## Records from a data source
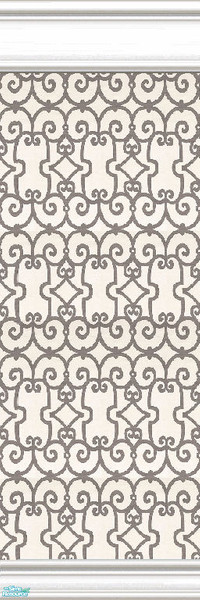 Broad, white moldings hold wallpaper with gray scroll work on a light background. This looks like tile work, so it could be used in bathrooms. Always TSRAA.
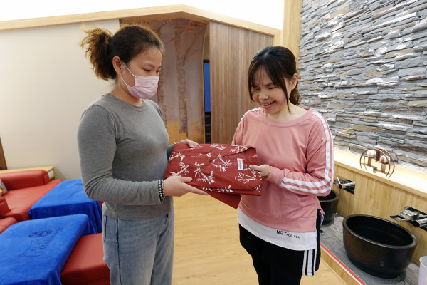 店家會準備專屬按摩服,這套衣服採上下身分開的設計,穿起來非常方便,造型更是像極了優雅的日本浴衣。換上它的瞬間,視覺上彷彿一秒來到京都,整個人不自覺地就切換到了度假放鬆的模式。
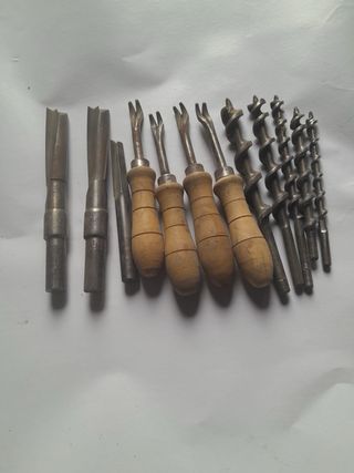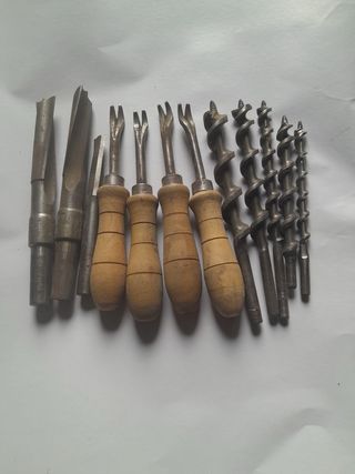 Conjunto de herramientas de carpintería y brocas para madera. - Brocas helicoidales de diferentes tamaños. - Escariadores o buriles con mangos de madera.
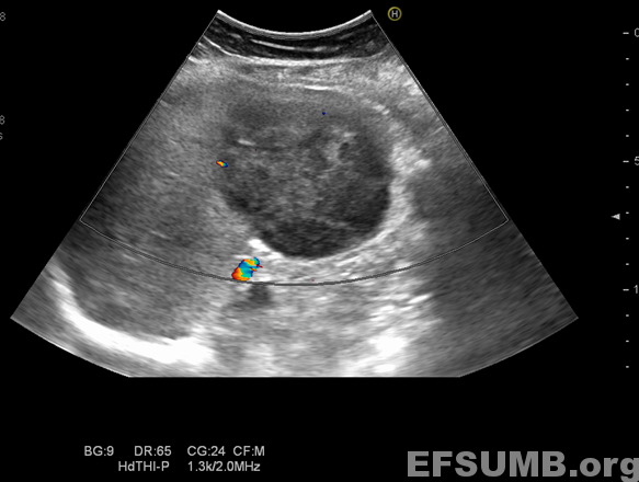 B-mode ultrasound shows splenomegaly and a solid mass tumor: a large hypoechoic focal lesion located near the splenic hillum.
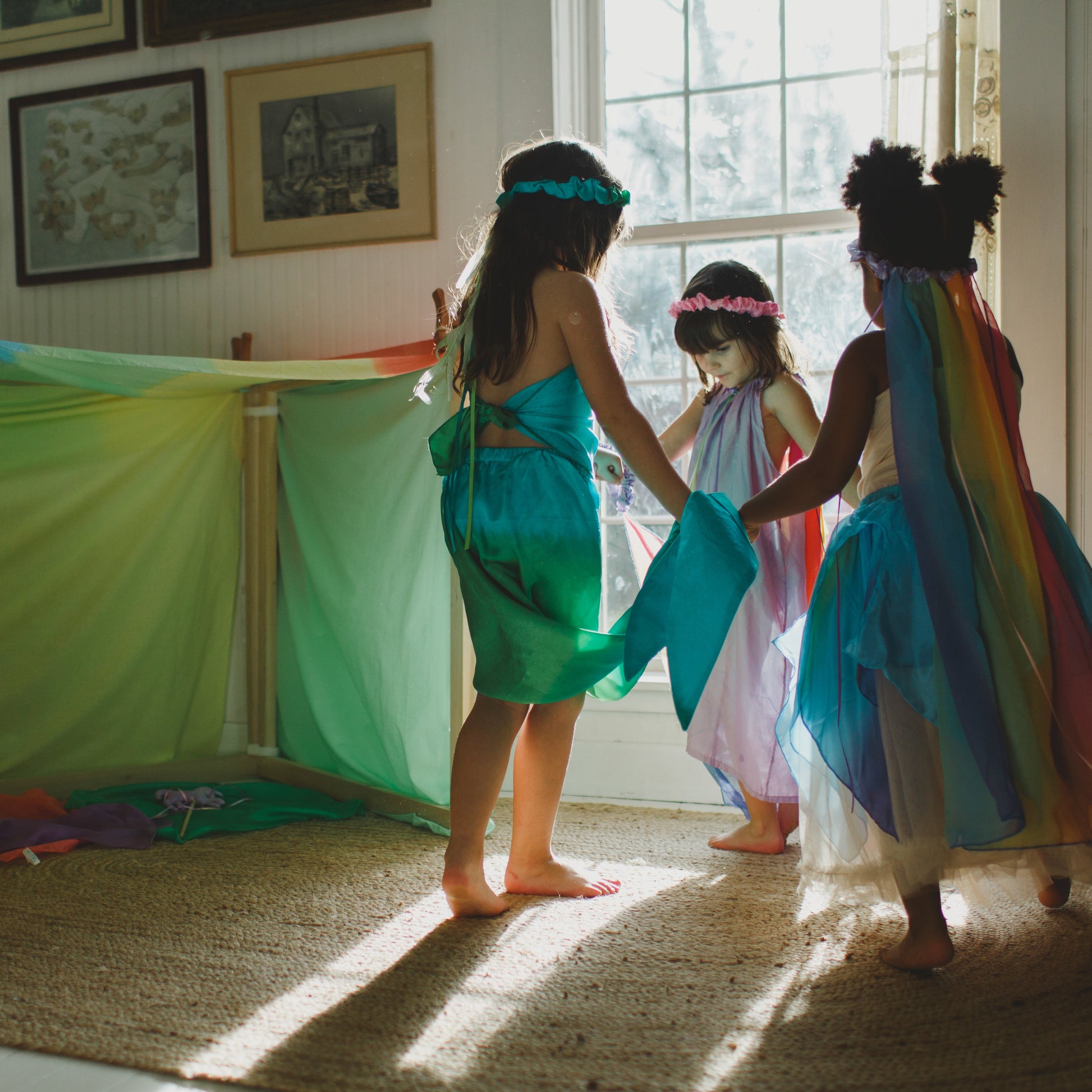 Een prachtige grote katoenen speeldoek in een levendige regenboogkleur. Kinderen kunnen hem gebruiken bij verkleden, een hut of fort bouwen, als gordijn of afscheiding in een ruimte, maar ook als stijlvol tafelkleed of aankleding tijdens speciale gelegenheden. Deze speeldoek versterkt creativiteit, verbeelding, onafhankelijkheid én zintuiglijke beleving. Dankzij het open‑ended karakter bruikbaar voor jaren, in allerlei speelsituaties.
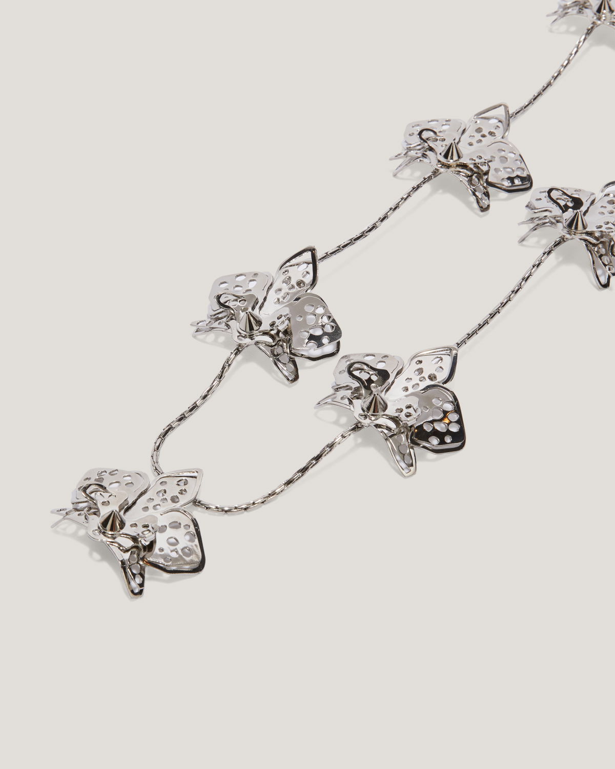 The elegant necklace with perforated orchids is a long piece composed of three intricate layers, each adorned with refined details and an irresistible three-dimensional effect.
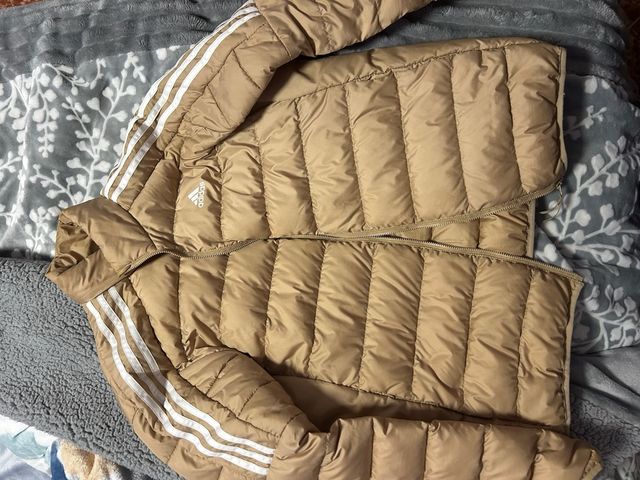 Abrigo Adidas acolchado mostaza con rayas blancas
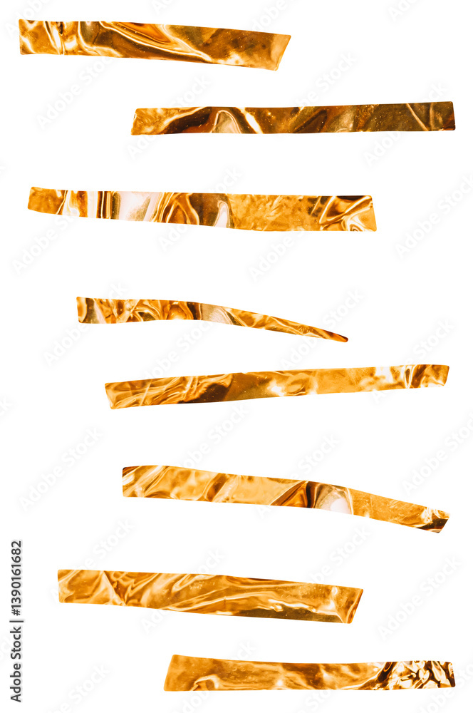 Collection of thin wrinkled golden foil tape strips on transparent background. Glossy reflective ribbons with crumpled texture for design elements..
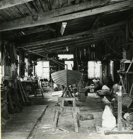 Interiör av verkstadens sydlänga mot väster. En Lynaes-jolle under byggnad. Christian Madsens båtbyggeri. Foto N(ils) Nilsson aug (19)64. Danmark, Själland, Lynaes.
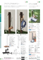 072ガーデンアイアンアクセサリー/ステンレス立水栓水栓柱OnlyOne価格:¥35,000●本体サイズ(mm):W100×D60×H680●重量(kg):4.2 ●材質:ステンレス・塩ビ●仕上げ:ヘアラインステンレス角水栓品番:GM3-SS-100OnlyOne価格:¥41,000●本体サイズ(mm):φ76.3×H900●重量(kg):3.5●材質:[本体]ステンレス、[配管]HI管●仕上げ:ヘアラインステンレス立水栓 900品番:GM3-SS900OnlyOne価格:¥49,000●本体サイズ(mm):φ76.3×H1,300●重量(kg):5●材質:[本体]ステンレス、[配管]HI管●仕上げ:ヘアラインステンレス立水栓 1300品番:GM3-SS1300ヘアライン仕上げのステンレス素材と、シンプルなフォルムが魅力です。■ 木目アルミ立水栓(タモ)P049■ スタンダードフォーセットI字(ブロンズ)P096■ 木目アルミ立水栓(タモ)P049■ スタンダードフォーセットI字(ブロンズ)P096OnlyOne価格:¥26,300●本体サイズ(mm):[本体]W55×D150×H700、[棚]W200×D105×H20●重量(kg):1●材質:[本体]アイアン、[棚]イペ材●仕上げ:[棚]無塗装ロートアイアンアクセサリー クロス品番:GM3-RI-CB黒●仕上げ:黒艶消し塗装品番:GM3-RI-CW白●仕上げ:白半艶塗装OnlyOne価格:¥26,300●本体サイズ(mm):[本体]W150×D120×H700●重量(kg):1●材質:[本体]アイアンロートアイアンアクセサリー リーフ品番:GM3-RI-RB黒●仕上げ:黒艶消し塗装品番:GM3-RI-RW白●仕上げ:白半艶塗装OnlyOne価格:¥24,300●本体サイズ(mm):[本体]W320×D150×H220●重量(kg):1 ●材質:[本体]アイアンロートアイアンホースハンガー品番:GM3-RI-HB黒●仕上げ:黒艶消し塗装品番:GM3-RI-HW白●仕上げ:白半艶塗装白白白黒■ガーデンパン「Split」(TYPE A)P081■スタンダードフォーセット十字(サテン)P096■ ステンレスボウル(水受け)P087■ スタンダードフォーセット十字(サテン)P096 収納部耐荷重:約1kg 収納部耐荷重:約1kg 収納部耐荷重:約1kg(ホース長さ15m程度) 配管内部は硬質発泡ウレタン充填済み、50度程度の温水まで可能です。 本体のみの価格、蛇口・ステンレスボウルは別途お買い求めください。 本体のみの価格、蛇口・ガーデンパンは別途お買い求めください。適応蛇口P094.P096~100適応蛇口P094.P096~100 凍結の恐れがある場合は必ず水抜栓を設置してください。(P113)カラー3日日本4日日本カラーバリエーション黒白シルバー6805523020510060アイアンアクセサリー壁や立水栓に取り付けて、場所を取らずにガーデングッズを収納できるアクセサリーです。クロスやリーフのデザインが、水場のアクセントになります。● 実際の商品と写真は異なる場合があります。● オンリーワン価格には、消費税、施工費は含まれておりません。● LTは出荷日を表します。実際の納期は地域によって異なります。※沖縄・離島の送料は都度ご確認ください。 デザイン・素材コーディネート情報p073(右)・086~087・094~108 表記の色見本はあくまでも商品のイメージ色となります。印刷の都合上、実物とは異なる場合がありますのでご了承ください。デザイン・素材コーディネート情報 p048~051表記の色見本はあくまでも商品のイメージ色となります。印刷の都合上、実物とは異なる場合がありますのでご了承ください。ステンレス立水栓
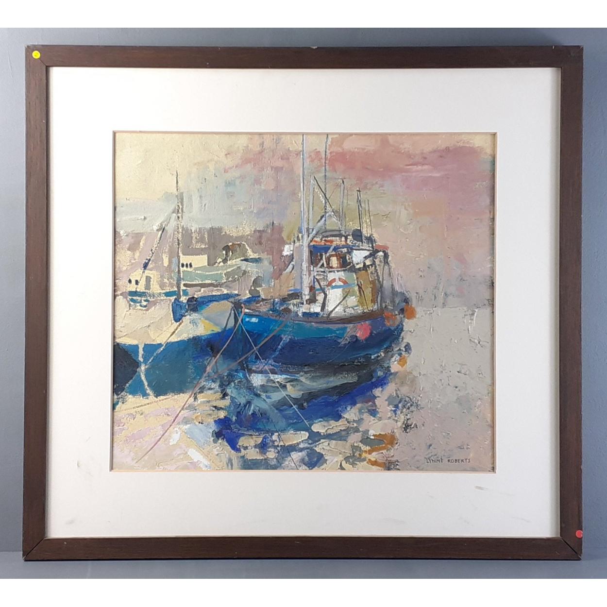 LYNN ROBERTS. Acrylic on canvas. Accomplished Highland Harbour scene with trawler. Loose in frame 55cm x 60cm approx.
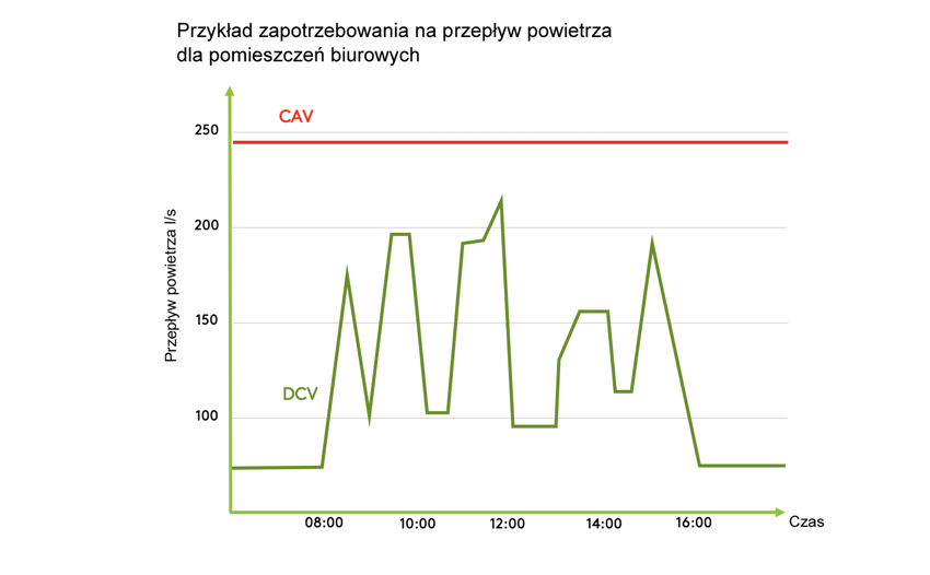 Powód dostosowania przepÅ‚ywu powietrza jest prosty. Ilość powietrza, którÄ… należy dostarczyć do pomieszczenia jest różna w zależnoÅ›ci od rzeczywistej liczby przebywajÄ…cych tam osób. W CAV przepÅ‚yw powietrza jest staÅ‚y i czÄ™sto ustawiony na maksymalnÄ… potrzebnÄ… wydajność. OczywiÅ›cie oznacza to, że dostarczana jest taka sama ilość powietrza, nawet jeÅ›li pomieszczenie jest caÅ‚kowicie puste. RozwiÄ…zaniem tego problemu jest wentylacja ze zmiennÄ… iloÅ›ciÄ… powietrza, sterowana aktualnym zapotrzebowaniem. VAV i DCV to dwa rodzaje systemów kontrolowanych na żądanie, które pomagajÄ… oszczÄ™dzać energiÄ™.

## WORK INSTRUCTION
Output the records above as they stand, from the first line to the line with "店家會準備專屬按摩服,這套衣", inclusive, and exclude the pictures.

## PROBLEM SOLUTION
 Broad, white moldings hold wallpaper with gray scroll work on a light background. This looks like tile work, so it could be used in bathrooms. Always TSRAA.
 店家會準備專屬按摩服,這套衣服採上下身分開的設計,穿起來非常方便,造型更是像極了優雅的日本浴衣。換上它的瞬間,視覺上彷彿一秒來到京都,整個人不自覺地就切換到了度假放鬆的模式。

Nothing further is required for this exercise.